START DATA RECORDS
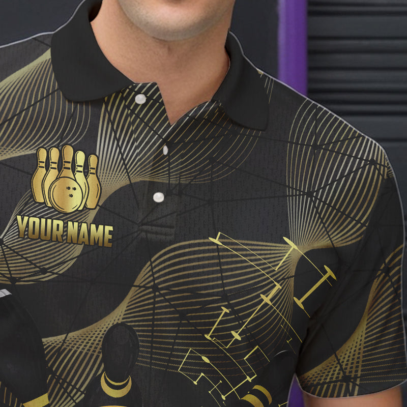 Personalized Black and Gold Bowling Polo, Quarter Zip Shirts For Men Custom Bowling Team League Jersey NQS9688
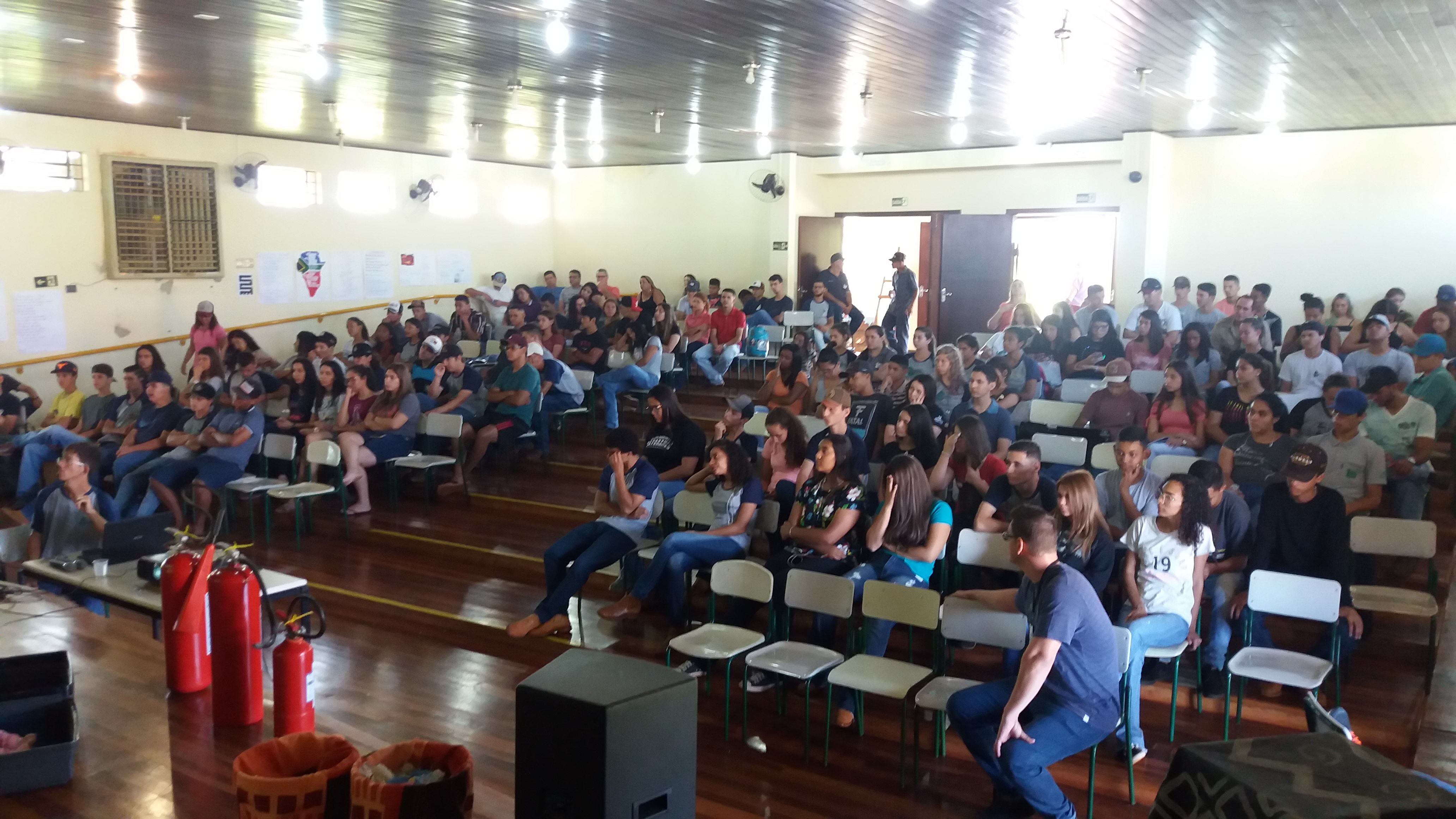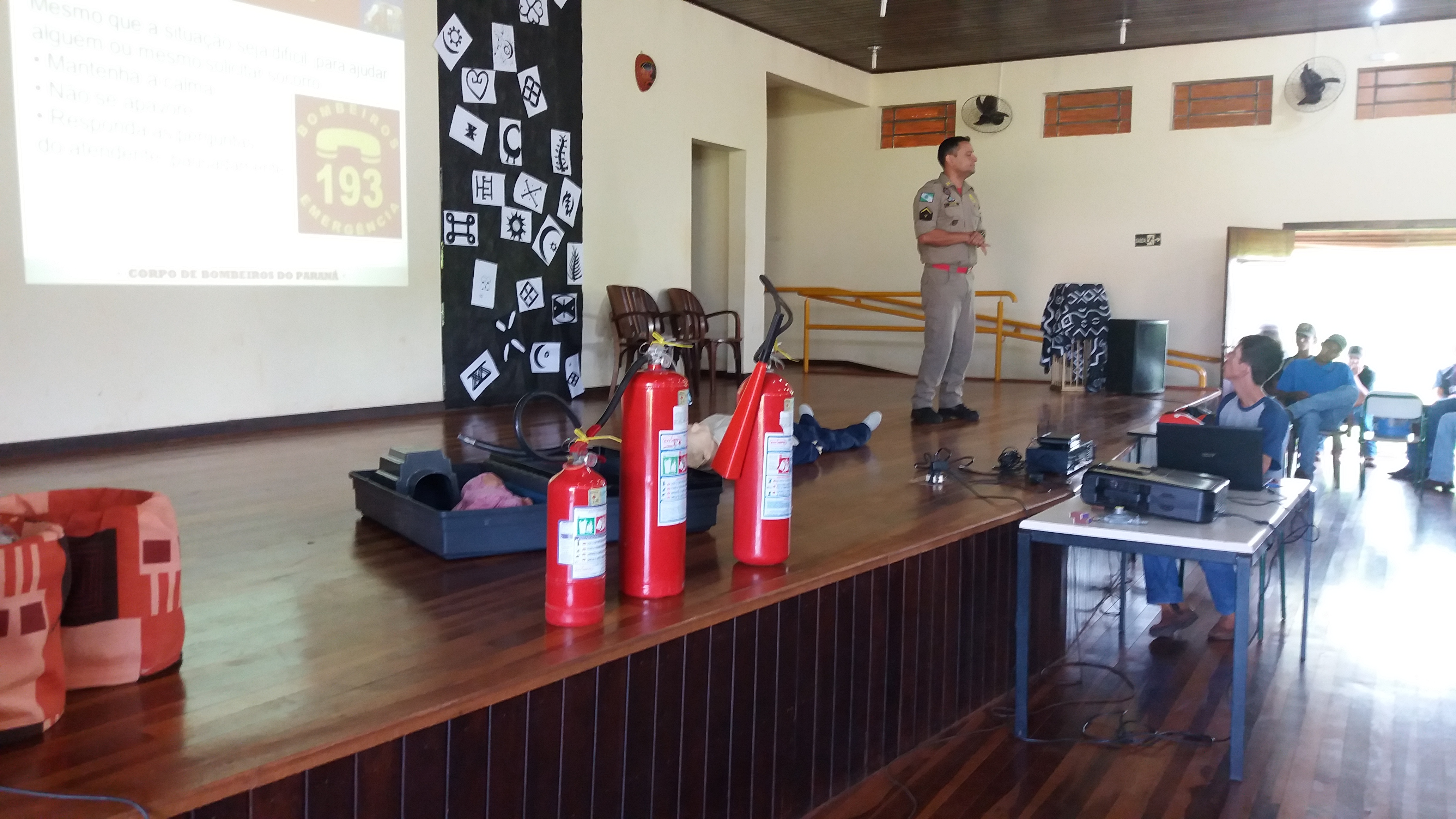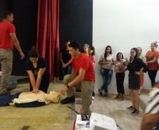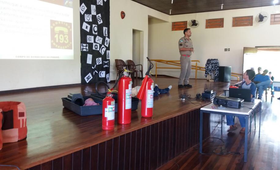 Além da formação ofertada, voltada aos professores e funcionários das unidades escolares, o Núcleo Regional de Educação de Jacarezinho, em parceria com a 2ª Sessão de Bombeiros do 7º SGBI, promoveu uma palestra sobre Noções Básicas de Primeiros Socorros e Combate a Princípios de Incêndio, na manhã do dia 21/11/2019 (última quinta-feira), voltada aos estudantes do Centro Estadual de Educação Profissional Agrícola – CEEPA Mohamad Ali Hamzé, de Cambará-PR. Tais noções são cruciais para a realidade daquela comunidade escolar, que convive mais tempo na instituição de ensino, que conta com alojamentos e cursos profissionalizantes em horário integral.
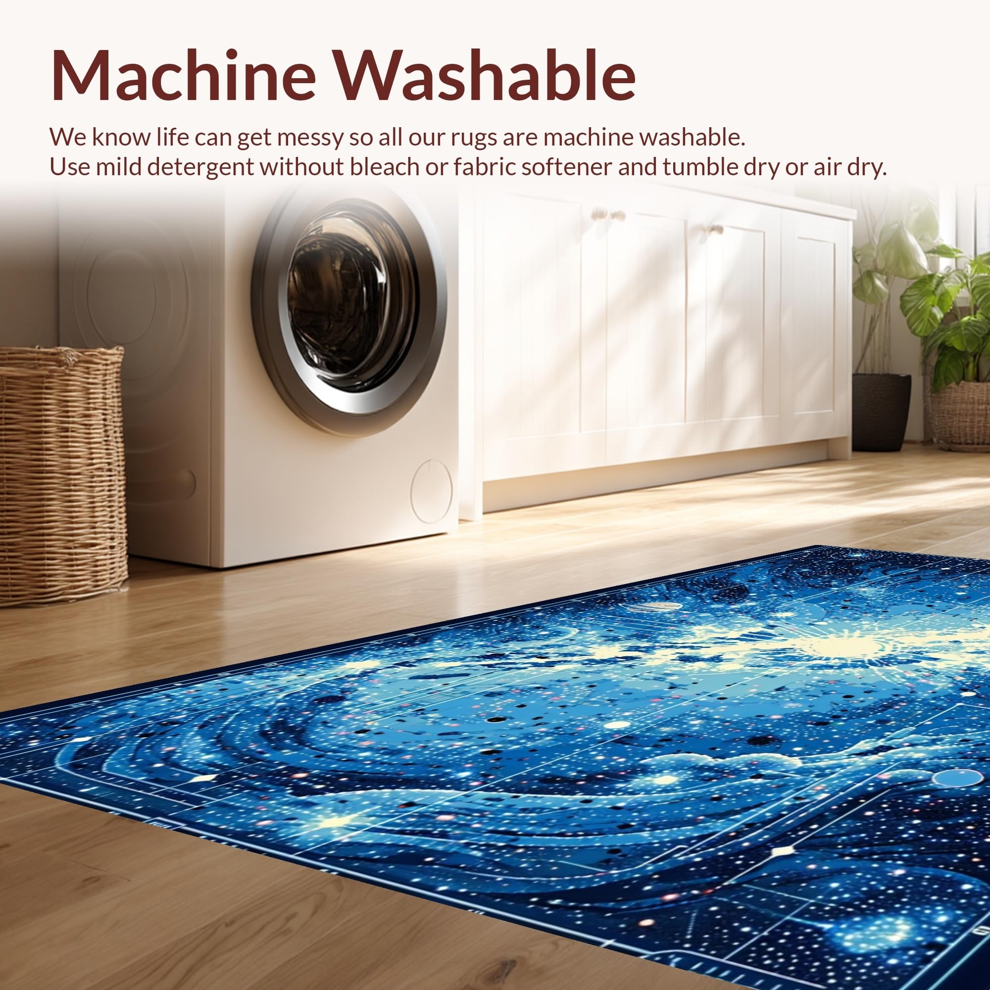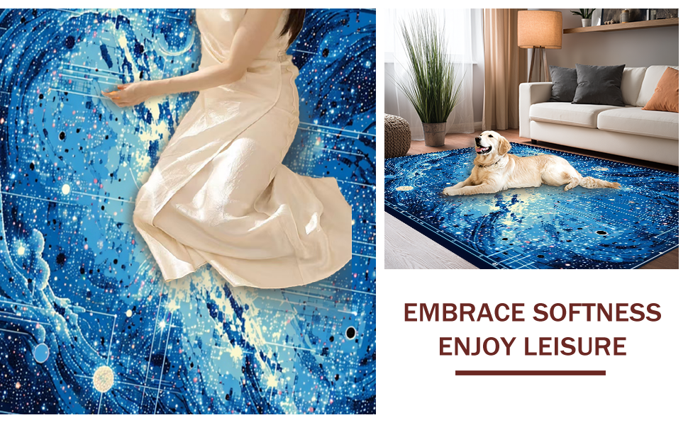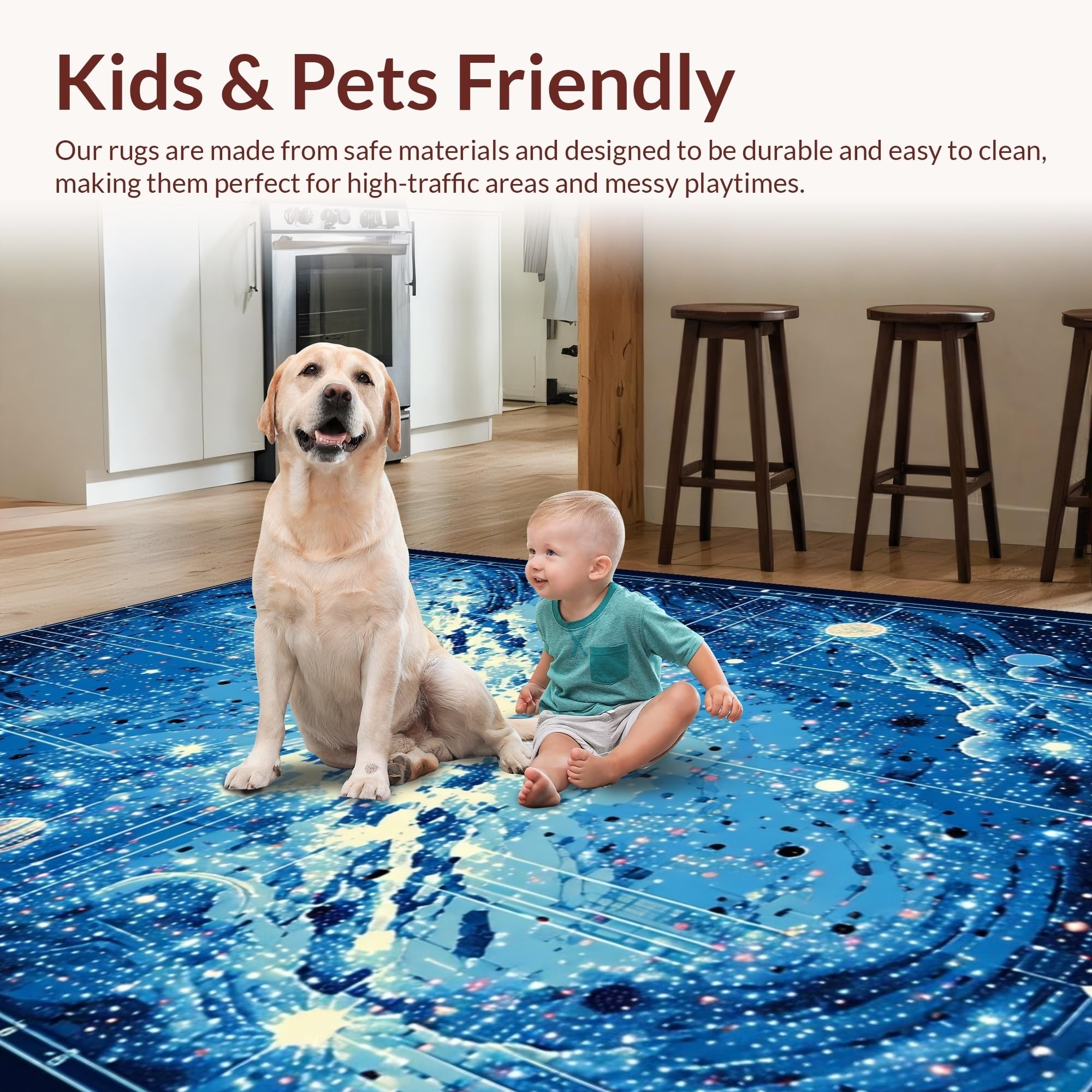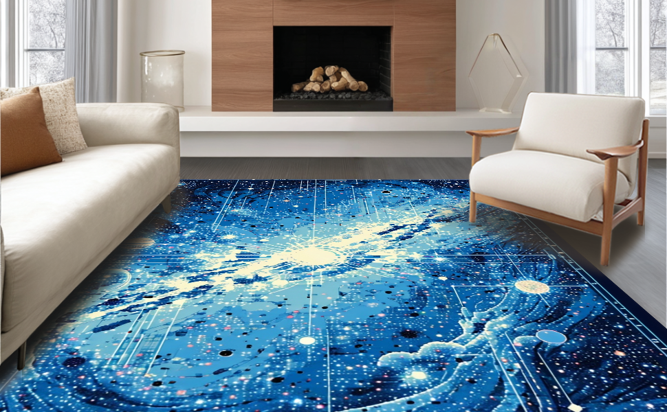 Ultra Soft Area Rug, Non Slip, Stain Resistant, Washable Area Rugs for Living Room, Bedroom, Celestial Themed Cozy Aesthetic(Blue) Overview:
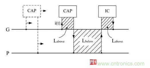 在這里引入兩個概念:Labove 、Lbelow (電容和IC下面的電流回路大小不一定一樣,但在這里分析的時候,假定大小等同)
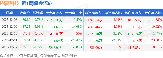 资金流向数据方面,本周固高科技主力资金合计净流出3.68亿元,游资资金合计净流入2422.33万元,散户资金合计净流入3.44亿元。本周资金流向一览见下表:
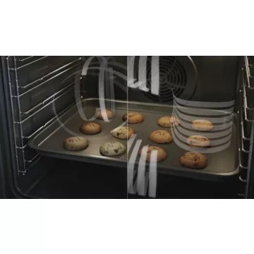 - Mode de cuisson : chaleur tournante pulsée, le four est équipé d'une hélice et d'une résistance circulaire situées sur la paroi arrière du four, pour une cuisson simultanée de différents plats sur plusieurs niveaux.
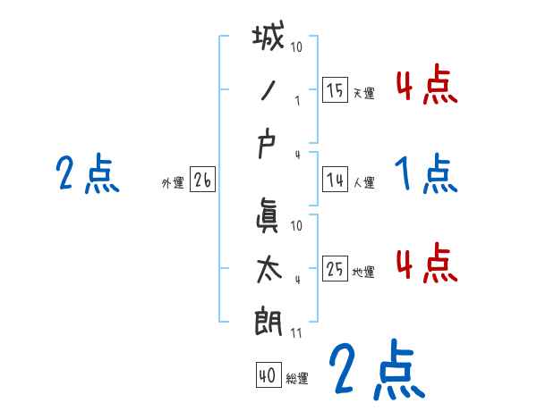 外運![]() | 城ノ戸眞太朗さんの外運は26画の2つ星!波瀾万丈かも。信頼できる人を大事にしましょう。 生活面を象徴する運勢です。外部から受ける影響力を表し、結婚運、家庭運や職場、環境への順応性を表します。 |
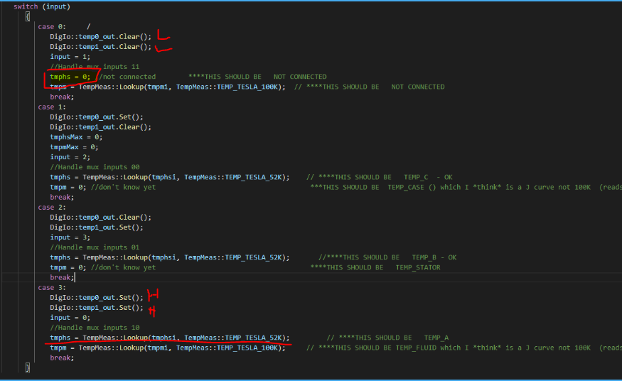 There are four motor temp sensors. Two are implemented as I was given the temp/resistance info. Two were not as up to now no one had bothered to find out or share. The mux runs through all 3 heatsink and all 4 motor temps and displays the hottest.
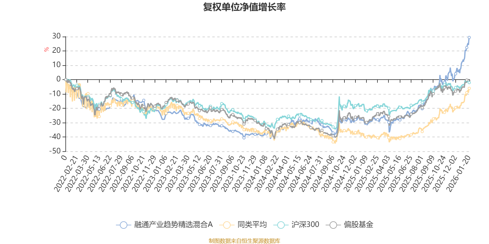 截至1月20日,融通产业趋势精选混合A近三个月复权单位净值增长率为33.90%,位于同类可比基金5/49;近半年复权单位净值增长率为61.50%,位于同类可比基金13/49;近一年复权单位净值增长率为84.51%,位于同类可比基金9/44;近三年复权单位净值增长率为67.22%,位于同类可比基金5/30。
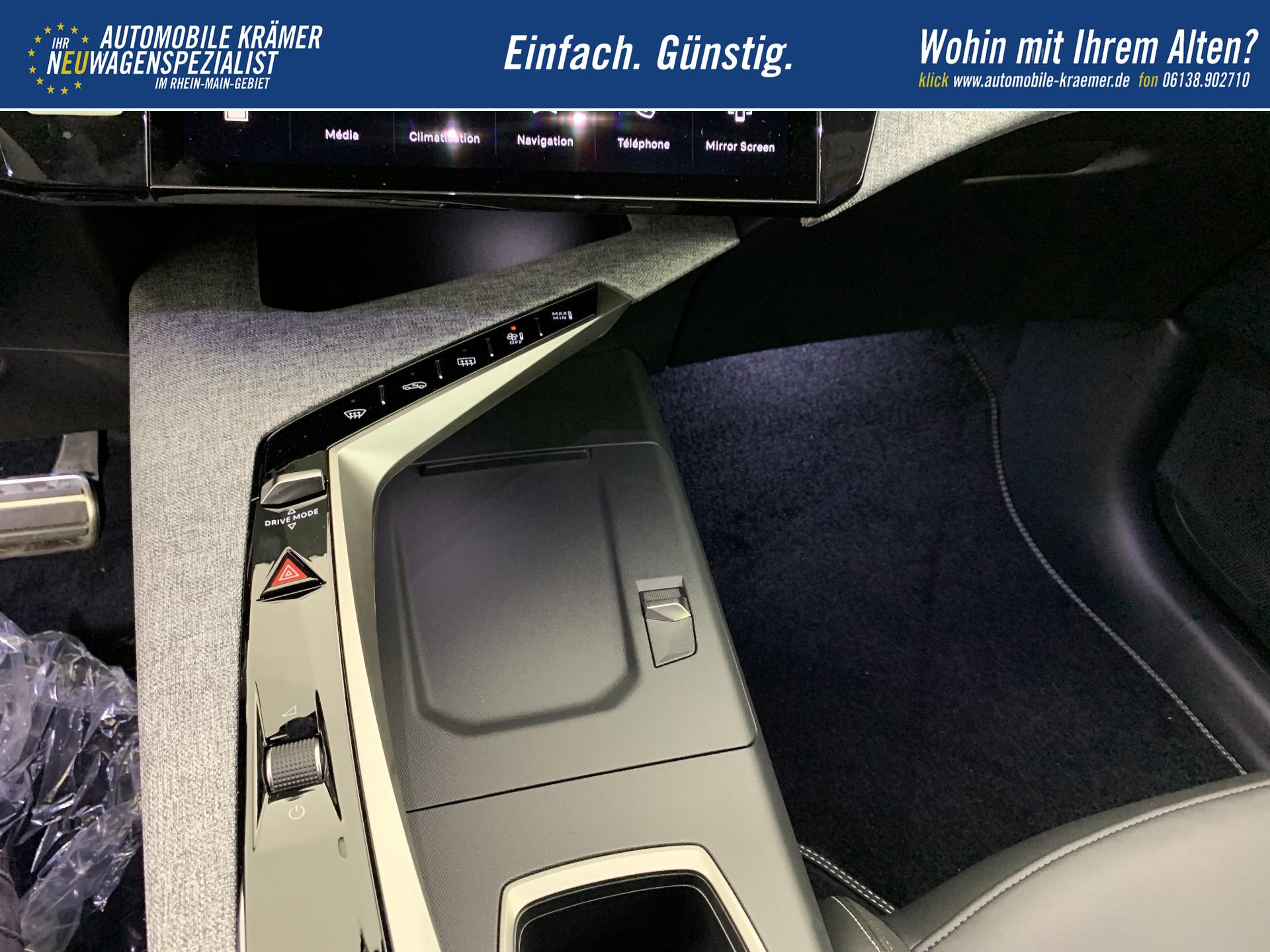 • Indirekte Tag- und Nacht-Ambientebeleuchtung auf dem Armaturenbrett, den vorderen Turverkleidungen und unter dem 21"-Panoramabildschirm, die mit den Fahrmodi verknupft ist und in 8 Farben personalisiert werden kann.
END DATA RECORDS
• [ACTION ITEM]: Using the data above, retype exactly the lines from the line with "在這里引入兩個概念:Labove 、Lbelow (電容和IC下面的電流回路大小不一定一樣,但在這里分析的時候,假定大小等同)" to the line with "资金流向数据方面,本周固高科", inclusive. No pictures and nothing else.

• [EXERCISE SOLUTION]:
 在這里引入兩個概念:Labove 、Lbelow (電容和IC下面的電流回路大小不一定一樣,但在這里分析的時候,假定大小等同)
 资金流向数据方面,本周固高科技主力资金合计净流出3.68亿元,游资资金合计净流入2422.33万元,散户资金合计净流入3.44亿元。本周资金流向一览见下表:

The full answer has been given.